The Default is Death
Working at an unprofitable startup is uniquely different from other businesses in that the default is death. Every day, the business draws closer to its end. Business as usual is unacceptable because it results in failure. As a company and employee, you are forced to accept more risk to stay alive.
This environment is terrifying and, if not managed, a source of existential dread as the Sword of Damocles draws ever nearer. It’s also exciting! You have to take risks to survive, so a well-run startup will operate faster and more aggressively than a profitable business.
Cash vs. Time
The two most important resources in a startup are cash and time. They’re so tightly coupled they’re almost the same thing. A company with $1.2M in the bank burning $100k/month has 12 months of runway. Cut burn to $50k/month and runway becomes 24 months. Increase revenue by $50k/month and you get the same result. The game is extending runway until you reach profitability. You won’t grow with $0 in expenses, but you’ll die quickly if you spend your reserves without results; balancing cost and time is the core prioritization tension.
Prioritize Against Runway
So how do you prioritize at an unprofitable startup? The general rule I follow is this:
Don’t work on anything with a timeline longer than your runway UNLESS it unlocks the next fundraise.

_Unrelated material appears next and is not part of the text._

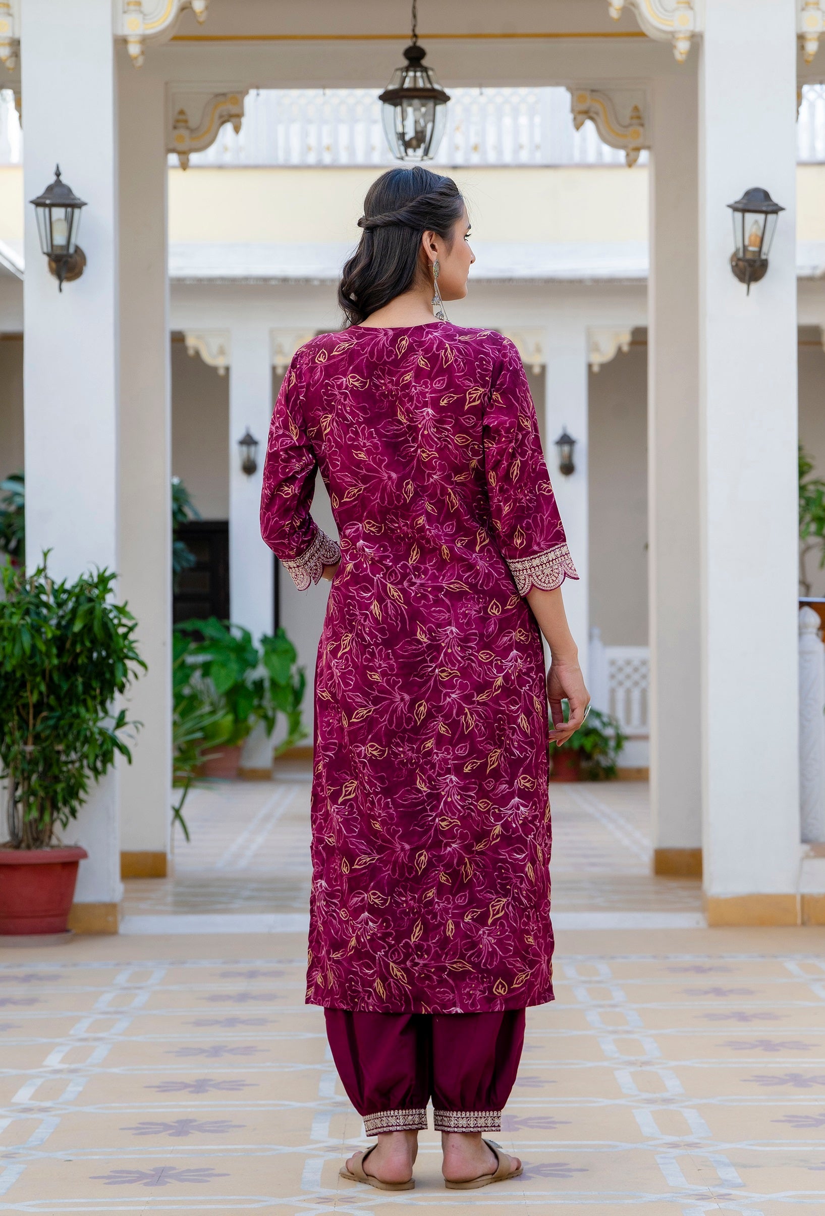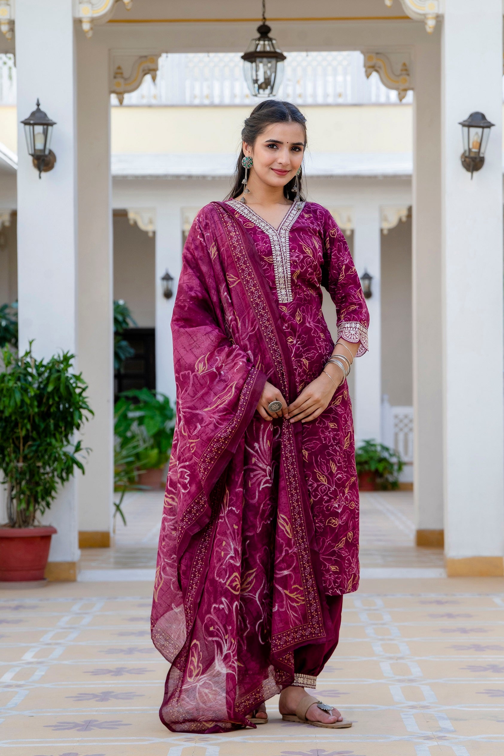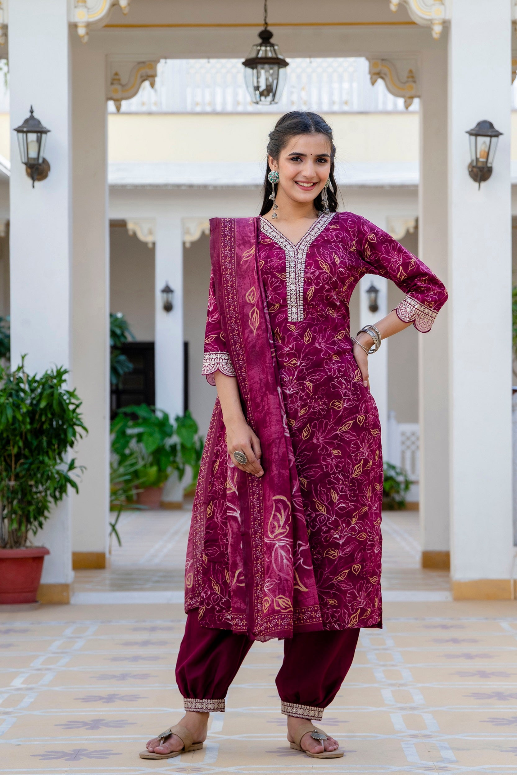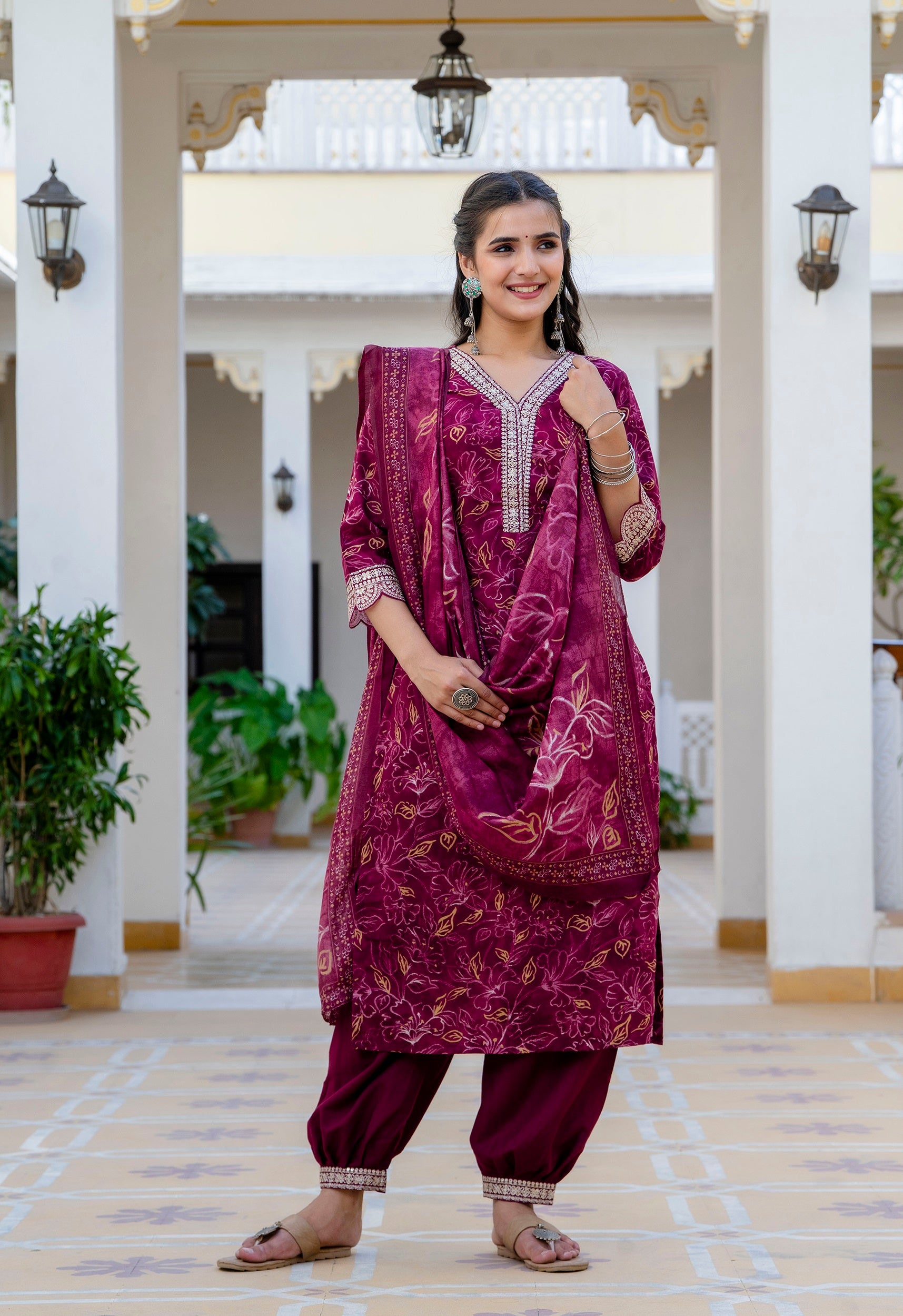 Ethnic set women Printed Kurta and afgani pant set with Dupatta

In other words, if you will die before you get the benefit and it doesn’t help your next fundraise, don’t do it.
Does this mean that all long-term projects should be abandoned? No. But the vast majority of everyone’s time and resources should be hyper-focused on what needs to be accomplished to enable the next fundraise.
While this advice may seem obvious, it can be difficult to apply in day-to-day operations. Every startup I’ve worked at has struggled with these decisions. Consider the following questions for a company with 6 months of runway:
- Should we hire a marketing guru who will help us generate more revenue 12 months from now? Answer: Don’t hire.
- Should we prepay for next year’s software spend to lock in a discount? Answer: Don’t prepay.
- Should we focus on building a new product that won’t earn revenue for 12 months, or growing revenue from the current product right now? Answer: Short-term revenue (you could argue that progress on a new product could help with fundraising now).
In a vacuum, each alternative seems reasonable. There is work that needs to get done so we need to hire employees. We can save money next year by prepaying. But within the context of runway, these are all decisions that hurt us in the short term with little or no guaranteed benefit.
I purchased Anrok while I was Director of Operations at Phin Security and I loved it (case study here). What isn’t in that case study: I deliberately delayed buying any sales tax solution until we completed a fundraise and extended our runway. Sales tax compliance, while important. It didn’t contribute to the next raise and would have been, at best, a distraction and, at worst, a drain on scarce resources. Once the fundraise closed, our runway and expectations expanded to include compliance and I moved ahead.
Good decisions made at the wrong time are bad decisions. At a startup, every choice must be evaluated in the context of revenue, profitability, and runway. If your work doesn’t extend runway or unlock the next fundraise, you’re working on the wrong thing. Stop, reflect, and reprioritize.